The Gateway Server is a FastAPI HTTP service that acts as the network-layer proxy between agents and the Claw-R1 training infrastructure.

Design Principles

  • Independent process: The Gateway runs as a plain OS process, not a Ray actor. This means it can be restarted independently of the Ray cluster.
  • Pure proxy: The Gateway does not manage any engine lifecycle. It only forwards requests, collects steps, and submits to DataPool.
  • OpenAI-compatible: Implements the same interface as OpenAI's chat completions API, making it a drop-in replacement.

Starting the Gateway

python -m claw_r1.gateway.gateway \
    --data-pool-name  data_pool \
    --vllm-addresses  http://host1:8001,http://host2:8001 \
    --tokenizer-path  /path/to/model \
    --prompt-length   4096 \
    --response-length 1024

Arguments

Argument Required Description
--data-pool-name Yes Ray actor name of the DataPool to connect to
--vllm-addresses Yes Comma-separated list of vLLM server addresses (load-balanced round-robin)
--tokenizer-path Yes Path to the HuggingFace tokenizer
--prompt-length Yes Maximum prompt token length (for padding)
--response-length Yes Maximum response token length (for padding)

Endpoints

POST /generate (white-box mode)

Called by AgentFlowBase.gateway_generate(). Forwards the generation request to a vLLM server, tokenizes the response, and returns token IDs.

# Request
{
    "trajectory_uid": "string",
    "prompt_uid": "string",
    "messages": [...],         # OpenAI chat messages
    "max_tokens": 1024,
    "temperature": 1.0
}

# Response
{
    "response_text": "string",
    "response_ids": [101, 202, ...],   # token IDs
    "prompt_ids": [50, 60, ...]        # full context token IDs
}

POST /submit_steps (white-box mode)

Called by AgentFlowBase.gateway_submit_steps(). Submits one or more Step objects to the DataPool.

# Request
{
    "steps": [
        {
            "trajectory_uid": "string",
            "prompt_uid": "string",
            "prompt_ids": [...],
            "response_ids": [...],
            "reward": 0.0,
            "step_index": 0,
            "policy_version": 42,
            "is_last": false,
            "metadata": {}
        }
    ]
}

POST /compute_reward

Computes a reward score for a completed trajectory step.

# Request
{
    "trajectory_uid": "string",
    "messages": [...],
    "dataset_fields": {}    # task-specific fields (ground truth, etc.)
}

# Response
{
    "reward": 0.85
}

POST /{trajectory_uid}/{prompt_uid}/v1/chat/completions (reserved)
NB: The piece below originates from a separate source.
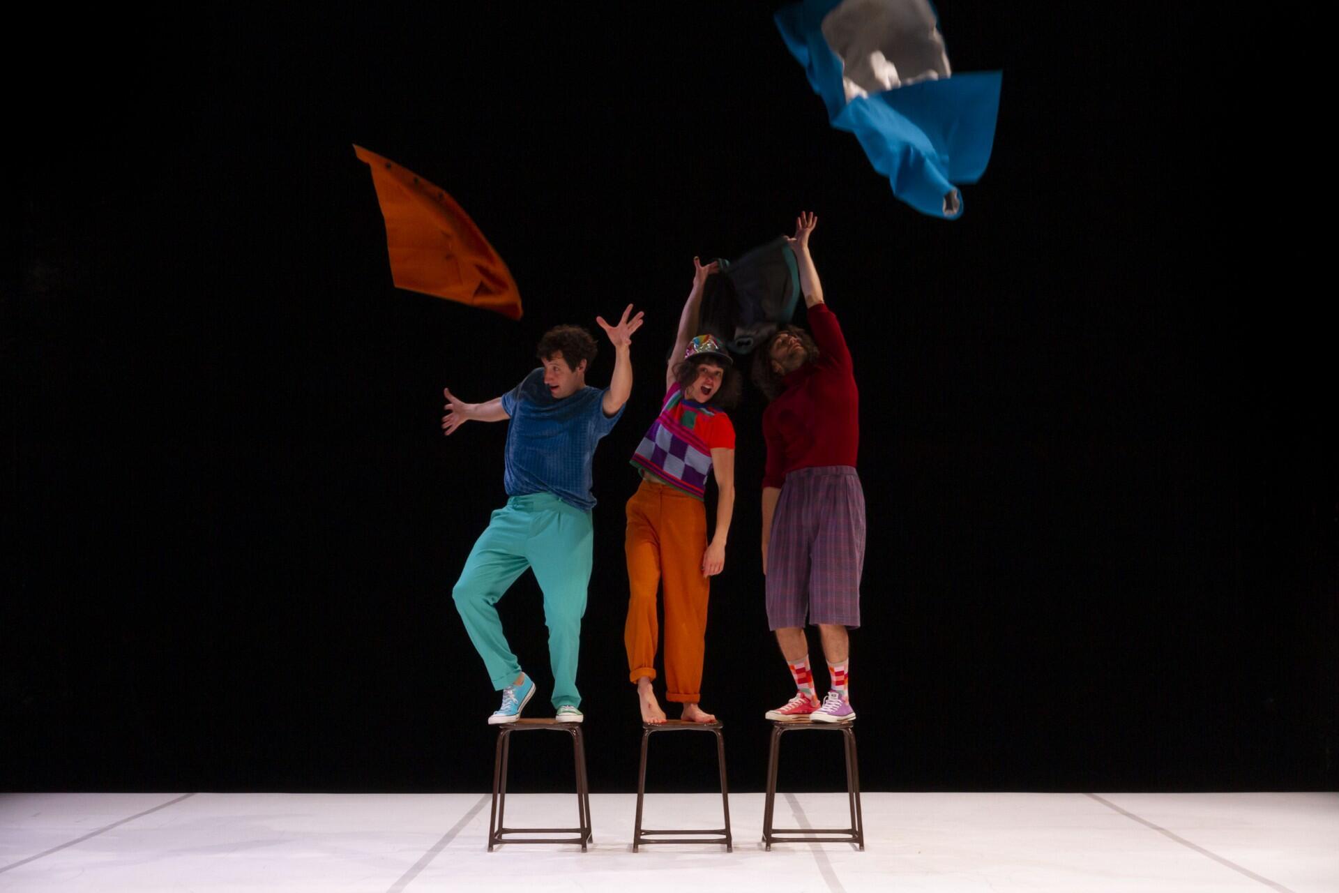 Partir du bon pied, se jeter tête la première, avoir le cœur sur la main, finir sur les rotules, garder la tête sur les épaules… Un travail ludique autour de ces expressions courantes a été imaginé pour les décortiquer et leur donner vie. Entre absurde, burlesque et poésie, les trois acrobates danseurs articulent le corps et le langage, passent de la métaphore au concret. Une fantaisie ludique et joyeuse dans laquelle de mini-fictions s'invitent dans le récit, dans un rapport immédiat autant que décalé.

OpenAI-compatible endpoint for black-box agents. The trajectory_uid and prompt_uid are encoded in the URL path, allowing the Gateway to associate incoming requests with the correct trajectory without any client-side changes beyond base_url.

Status

This endpoint is designed and stubbed. Full black-box online integration is under active development.

POST /complete_trajectory/{trajectory_uid} (reserved)
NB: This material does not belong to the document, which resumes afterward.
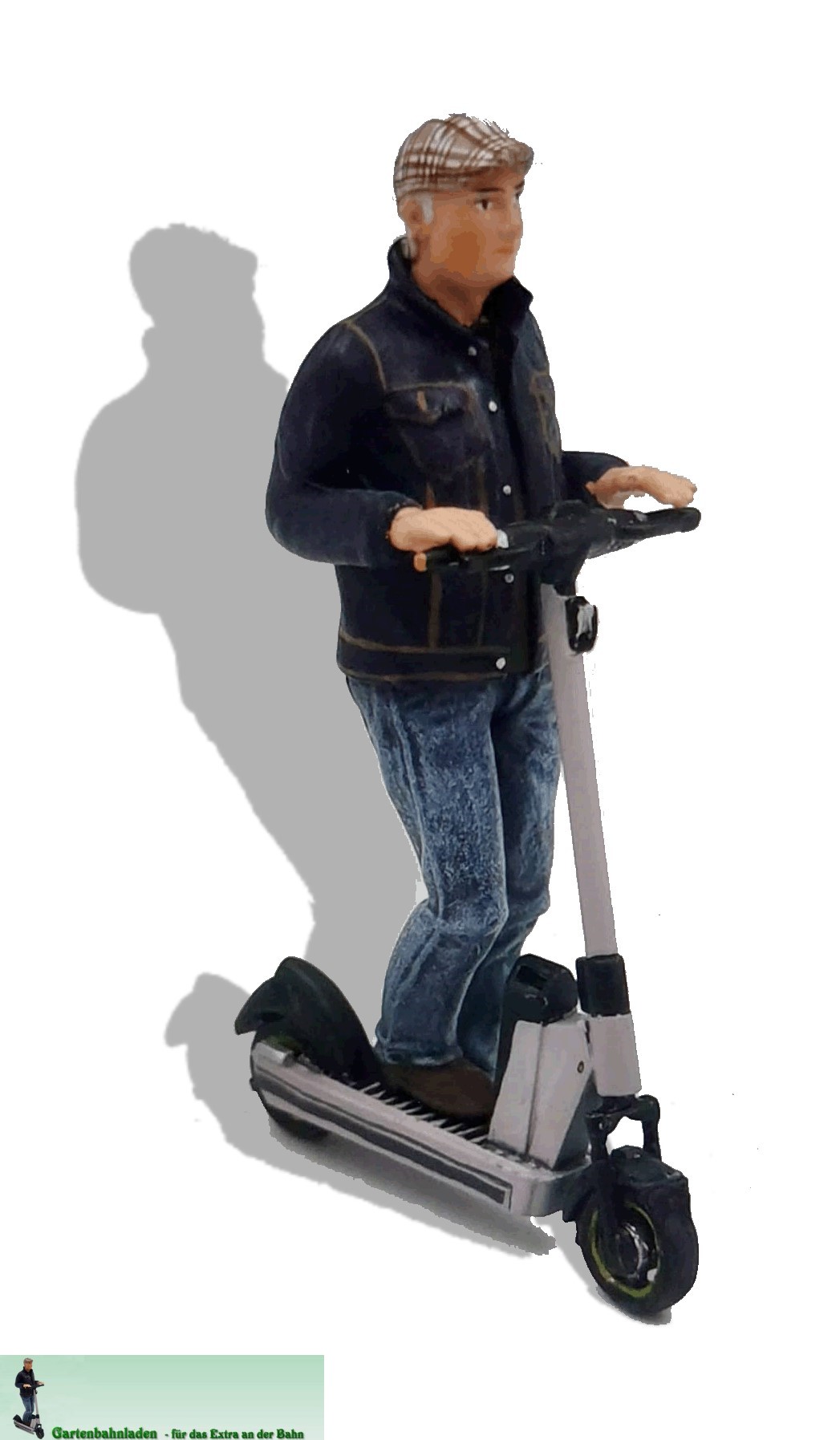 Aus dem heutigen Stadtverkehr nicht mehr wegzudenken. Personen auf E-Rollern. Ob Eigentum oder geliehen gehören diese Flitzer zu unserer modernen Zeit. Die vorbildnahen Figuren, passend zur Gartenbahn, sind aus Metall mit UV resistenten Farben handbemalt.

Called by black-box agents to mark the end of a trajectory and optionally provide a final reward.

Load Balancing

When multiple --vllm-addresses are provided, the Gateway distributes requests across them using round-robin:

# Internal: cycle through vLLM addresses
self.vllm_address_cycle = itertools.cycle(vllm_addresses)
vllm_url = next(self.vllm_address_cycle)

This provides basic load balancing without requiring an external proxy.